Copy down the listing below exactly. Do not include pictures.

>>>

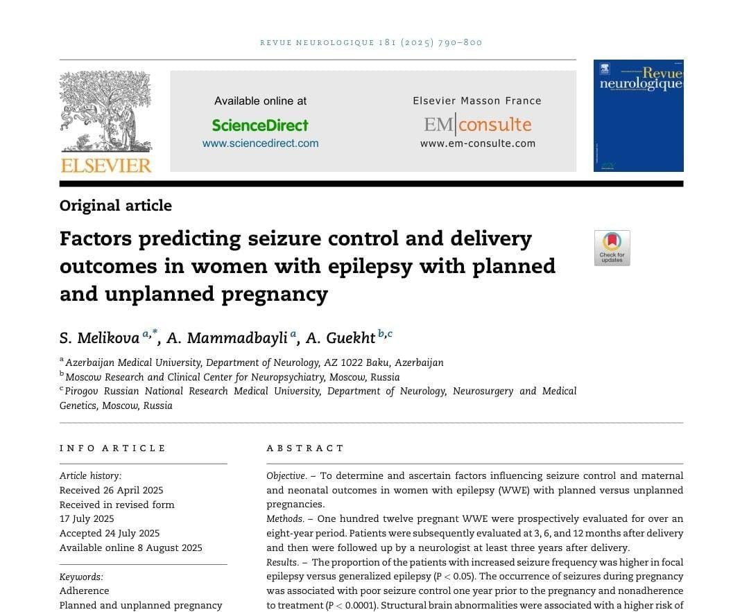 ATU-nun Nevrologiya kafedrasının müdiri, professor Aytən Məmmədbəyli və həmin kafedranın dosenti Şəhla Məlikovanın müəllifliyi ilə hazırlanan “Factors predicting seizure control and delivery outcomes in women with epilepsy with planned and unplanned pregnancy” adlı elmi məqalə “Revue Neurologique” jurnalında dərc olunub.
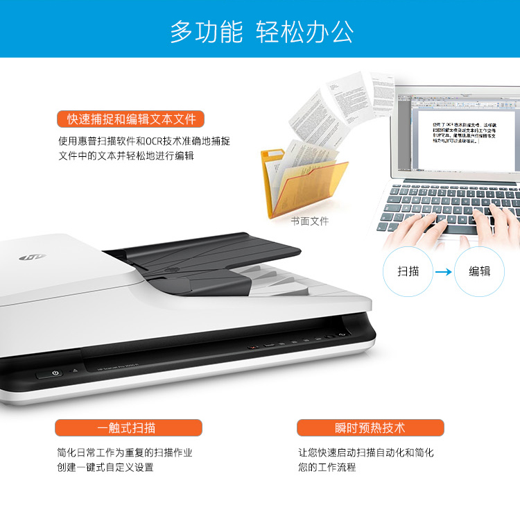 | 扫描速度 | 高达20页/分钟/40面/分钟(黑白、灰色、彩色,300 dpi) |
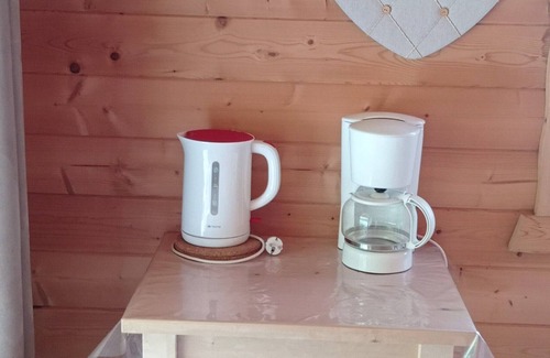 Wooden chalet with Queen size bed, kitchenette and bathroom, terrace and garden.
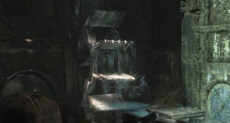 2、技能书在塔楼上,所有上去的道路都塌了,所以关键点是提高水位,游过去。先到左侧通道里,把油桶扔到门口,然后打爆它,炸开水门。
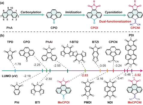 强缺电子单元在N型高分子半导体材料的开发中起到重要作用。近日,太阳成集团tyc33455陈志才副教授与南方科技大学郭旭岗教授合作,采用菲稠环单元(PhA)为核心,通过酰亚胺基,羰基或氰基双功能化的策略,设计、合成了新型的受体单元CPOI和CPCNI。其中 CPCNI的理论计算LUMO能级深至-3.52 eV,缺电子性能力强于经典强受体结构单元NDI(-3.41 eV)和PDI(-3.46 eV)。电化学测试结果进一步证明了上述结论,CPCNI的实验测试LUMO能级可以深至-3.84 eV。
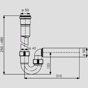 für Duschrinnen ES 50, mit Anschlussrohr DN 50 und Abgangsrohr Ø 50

<<<

THE ANSWER —
 ATU-nun Nevrologiya kafedrasının müdiri, professor Aytən Məmmədbəyli və həmin kafedranın dosenti Şəhla Məlikovanın müəllifliyi ilə hazırlanan “Factors predicting seizure control and delivery outcomes in women with epilepsy with planned and unplanned pregnancy” adlı elmi məqalə “Revue Neurologique” jurnalında dərc olunub.
 | 扫描速度 | 高达20页/分钟/40面/分钟(黑白、灰色、彩色,300 dpi) |
 Wooden chalet with Queen size bed, kitchenette and bathroom, terrace and garden.
 2、技能书在塔楼上,所有上去的道路都塌了,所以关键点是提高水位,游过去。先到左侧通道里,把油桶扔到门口,然后打爆它,炸开水门。
 强缺电子单元在N型高分子半导体材料的开发中起到重要作用。近日,太阳成集团tyc33455陈志才副教授与南方科技大学郭旭岗教授合作,采用菲稠环单元(PhA)为核心,通过酰亚胺基,羰基或氰基双功能化的策略,设计、合成了新型的受体单元CPOI和CPCNI。其中 CPCNI的理论计算LUMO能级深至-3.52 eV,缺电子性能力强于经典强受体结构单元NDI(-3.41 eV)和PDI(-3.46 eV)。电化学测试结果进一步证明了上述结论,CPCNI的实验测试LUMO能级可以深至-3.84 eV。
 für Duschrinnen ES 50, mit Anschlussrohr DN 50 und Abgangsrohr Ø 50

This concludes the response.